**REQUIREMENT**
Produce a verbatim copy of the records, and keep the images out of it.

PROVIDED MATERIAL section start

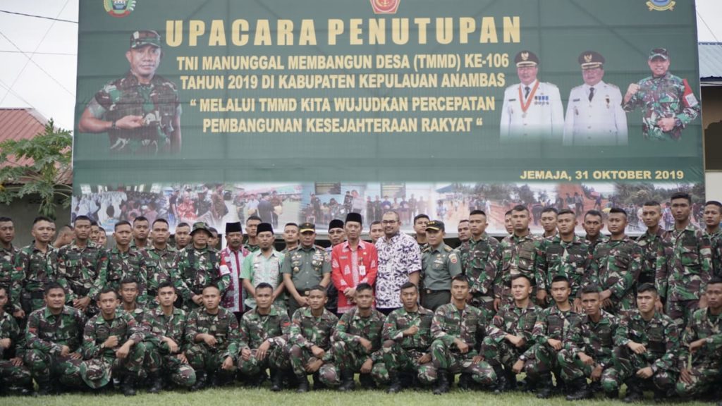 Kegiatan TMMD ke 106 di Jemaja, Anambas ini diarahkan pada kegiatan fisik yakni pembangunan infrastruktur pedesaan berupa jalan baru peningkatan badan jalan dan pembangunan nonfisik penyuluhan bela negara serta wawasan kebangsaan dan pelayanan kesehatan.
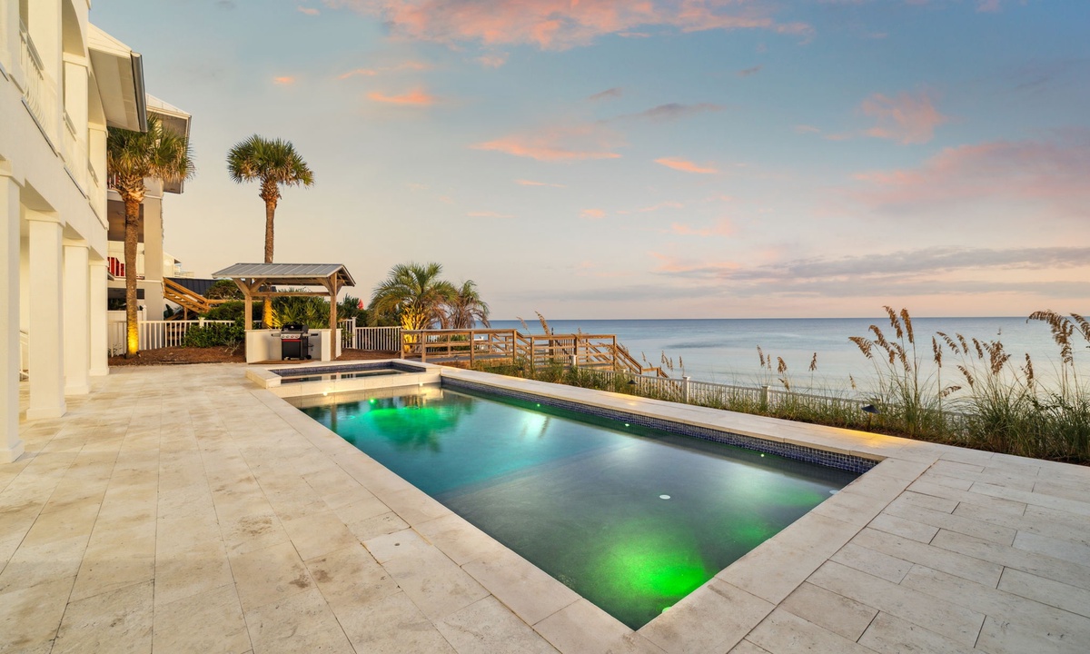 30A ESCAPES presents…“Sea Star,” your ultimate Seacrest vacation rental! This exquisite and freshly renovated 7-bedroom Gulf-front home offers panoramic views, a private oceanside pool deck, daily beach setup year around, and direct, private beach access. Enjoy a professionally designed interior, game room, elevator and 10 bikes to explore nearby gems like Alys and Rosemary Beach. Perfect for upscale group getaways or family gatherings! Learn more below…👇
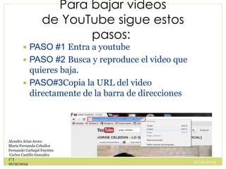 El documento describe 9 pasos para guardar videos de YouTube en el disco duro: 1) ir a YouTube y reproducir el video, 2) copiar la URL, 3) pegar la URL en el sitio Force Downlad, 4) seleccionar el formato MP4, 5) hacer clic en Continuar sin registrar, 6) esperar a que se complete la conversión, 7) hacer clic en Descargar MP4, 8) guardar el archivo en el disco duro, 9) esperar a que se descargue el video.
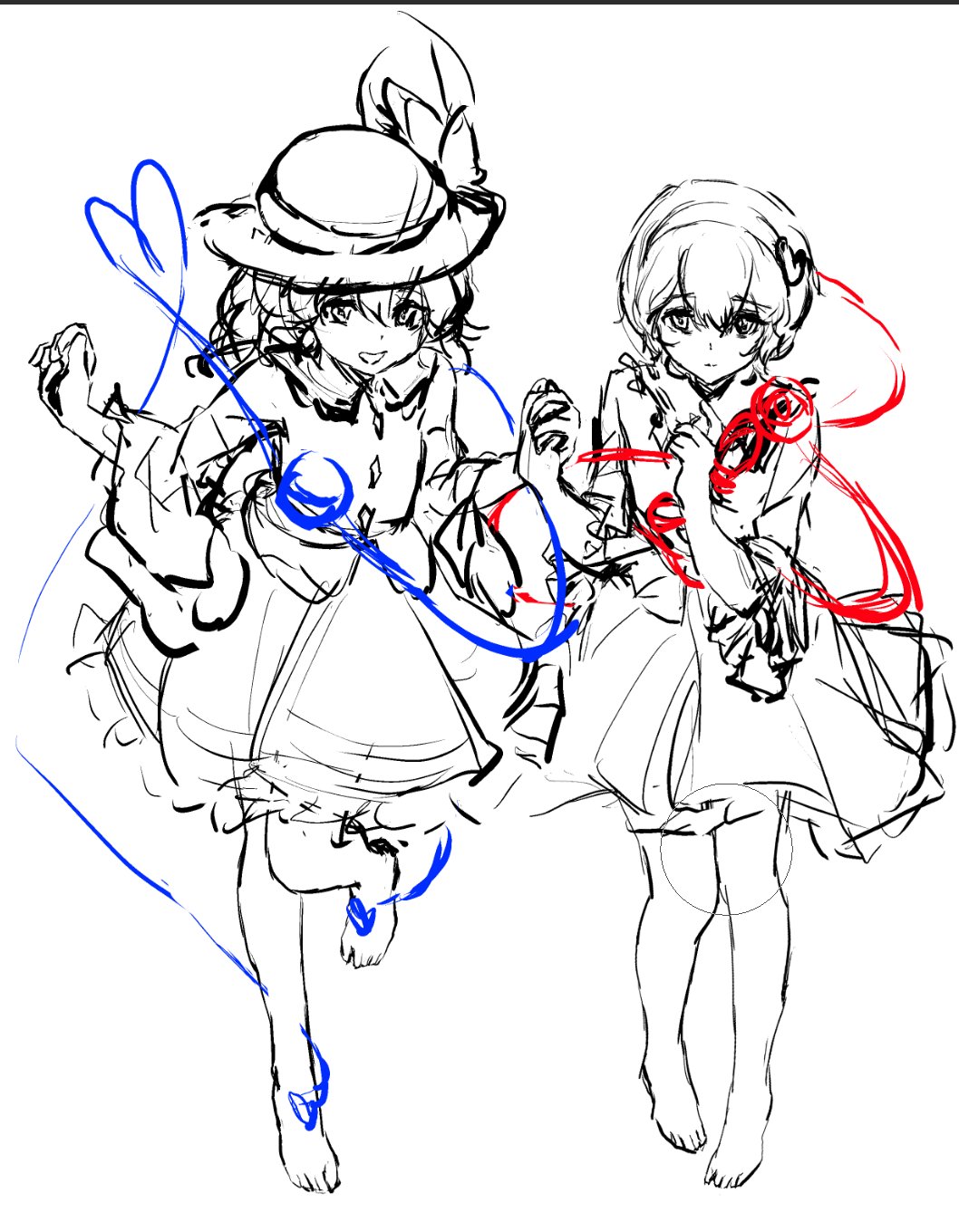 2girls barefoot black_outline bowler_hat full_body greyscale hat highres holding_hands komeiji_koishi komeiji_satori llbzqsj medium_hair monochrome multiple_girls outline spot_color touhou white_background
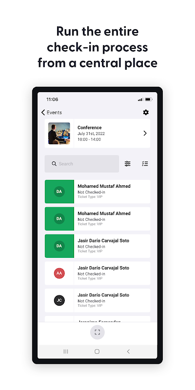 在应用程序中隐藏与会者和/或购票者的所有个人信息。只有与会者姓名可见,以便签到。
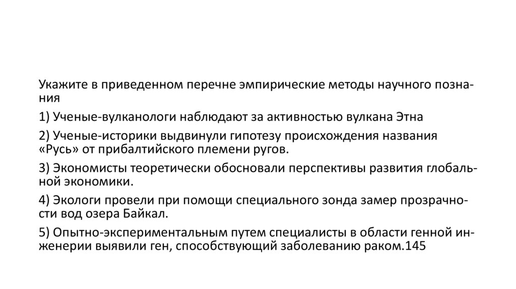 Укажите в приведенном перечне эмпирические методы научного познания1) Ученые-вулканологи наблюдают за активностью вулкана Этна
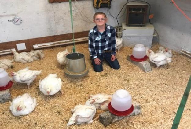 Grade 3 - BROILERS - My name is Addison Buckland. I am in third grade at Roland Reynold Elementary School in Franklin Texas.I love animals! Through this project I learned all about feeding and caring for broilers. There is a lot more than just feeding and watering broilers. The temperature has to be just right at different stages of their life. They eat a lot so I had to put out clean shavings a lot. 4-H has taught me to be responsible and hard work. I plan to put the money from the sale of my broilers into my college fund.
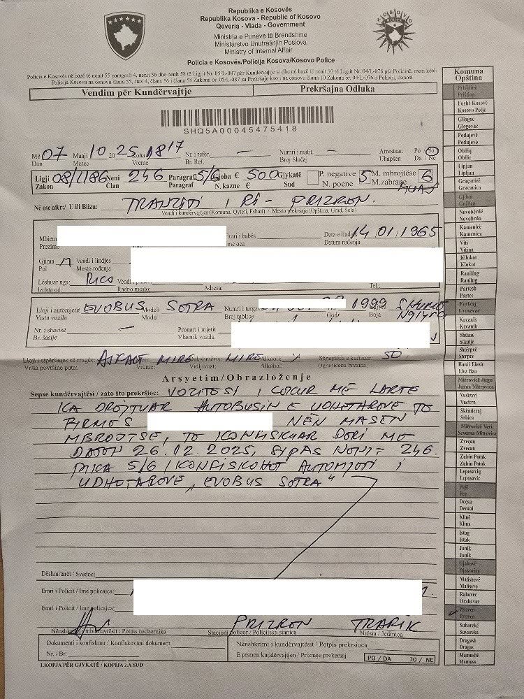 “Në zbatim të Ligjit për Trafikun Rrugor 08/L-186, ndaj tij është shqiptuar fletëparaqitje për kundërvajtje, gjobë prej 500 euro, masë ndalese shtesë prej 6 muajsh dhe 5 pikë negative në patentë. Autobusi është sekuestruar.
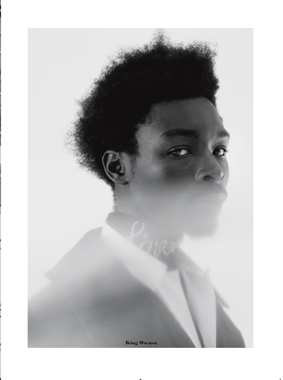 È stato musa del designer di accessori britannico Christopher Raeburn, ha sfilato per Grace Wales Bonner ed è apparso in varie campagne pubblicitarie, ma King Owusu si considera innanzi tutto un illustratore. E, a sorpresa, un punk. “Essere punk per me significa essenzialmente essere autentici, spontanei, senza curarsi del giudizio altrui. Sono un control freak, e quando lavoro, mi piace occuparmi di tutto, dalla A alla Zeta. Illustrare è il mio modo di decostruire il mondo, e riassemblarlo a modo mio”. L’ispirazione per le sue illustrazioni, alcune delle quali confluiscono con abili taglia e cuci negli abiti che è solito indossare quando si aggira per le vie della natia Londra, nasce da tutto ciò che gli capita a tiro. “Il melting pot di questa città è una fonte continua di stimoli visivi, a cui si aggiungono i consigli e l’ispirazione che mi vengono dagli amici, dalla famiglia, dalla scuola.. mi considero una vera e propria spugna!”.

PROVIDED MATERIAL section end

**RESPONSE TO THE EXERCISE**
 Kegiatan TMMD ke 106 di Jemaja, Anambas ini diarahkan pada kegiatan fisik yakni pembangunan infrastruktur pedesaan berupa jalan baru peningkatan badan jalan dan pembangunan nonfisik penyuluhan bela negara serta wawasan kebangsaan dan pelayanan kesehatan.
 30A ESCAPES presents…“Sea Star,” your ultimate Seacrest vacation rental! This exquisite and freshly renovated 7-bedroom Gulf-front home offers panoramic views, a private oceanside pool deck, daily beach setup year around, and direct, private beach access. Enjoy a professionally designed interior, game room, elevator and 10 bikes to explore nearby gems like Alys and Rosemary Beach. Perfect for upscale group getaways or family gatherings! Learn more below…👇
 El documento describe 9 pasos para guardar videos de YouTube en el disco duro: 1) ir a YouTube y reproducir el video, 2) copiar la URL, 3) pegar la URL en el sitio Force Downlad, 4) seleccionar el formato MP4, 5) hacer clic en Continuar sin registrar, 6) esperar a que se complete la conversión, 7) hacer clic en Descargar MP4, 8) guardar el archivo en el disco duro, 9) esperar a que se descargue el video.
 2girls barefoot black_outline bowler_hat full_body greyscale hat highres holding_hands komeiji_koishi komeiji_satori llbzqsj medium_hair monochrome multiple_girls outline spot_color touhou white_background
 在应用程序中隐藏与会者和/或购票者的所有个人信息。只有与会者姓名可见,以便签到。
 Укажите в приведенном перечне эмпирические методы научного познания1) Ученые-вулканологи наблюдают за активностью вулкана Этна
 Grade 3 - BROILERS - My name is Addison Buckland. I am in third grade at Roland Reynold Elementary School in Franklin Texas.I love animals! Through this project I learned all about feeding and caring for broilers. There is a lot more than just feeding and watering broilers. The temperature has to be just right at different stages of their life. They eat a lot so I had to put out clean shavings a lot. 4-H has taught me to be responsible and hard work. I plan to put the money from the sale of my broilers into my college fund.
 “Në zbatim të Ligjit për Trafikun Rrugor 08/L-186, ndaj tij është shqiptuar fletëparaqitje për kundërvajtje, gjobë prej 500 euro, masë ndalese shtesë prej 6 muajsh dhe 5 pikë negative në patentë. Autobusi është sekuestruar.
 È stato musa del designer di accessori britannico Christopher Raeburn, ha sfilato per Grace Wales Bonner ed è apparso in varie campagne pubblicitarie, ma King Owusu si considera innanzi tutto un illustratore. E, a sorpresa, un punk. “Essere punk per me significa essenzialmente essere autentici, spontanei, senza curarsi del giudizio altrui. Sono un control freak, e quando lavoro, mi piace occuparmi di tutto, dalla A alla Zeta. Illustrare è il mio modo di decostruire il mondo, e riassemblarlo a modo mio”. L’ispirazione per le sue illustrazioni, alcune delle quali confluiscono con abili taglia e cuci negli abiti che è solito indossare quando si aggira per le vie della natia Londra, nasce da tutto ciò che gli capita a tiro. “Il melting pot di questa città è una fonte continua di stimoli visivi, a cui si aggiungono i consigli e l’ispirazione che mi vengono dagli amici, dalla famiglia, dalla scuola.. mi considero una vera e propria spugna!”.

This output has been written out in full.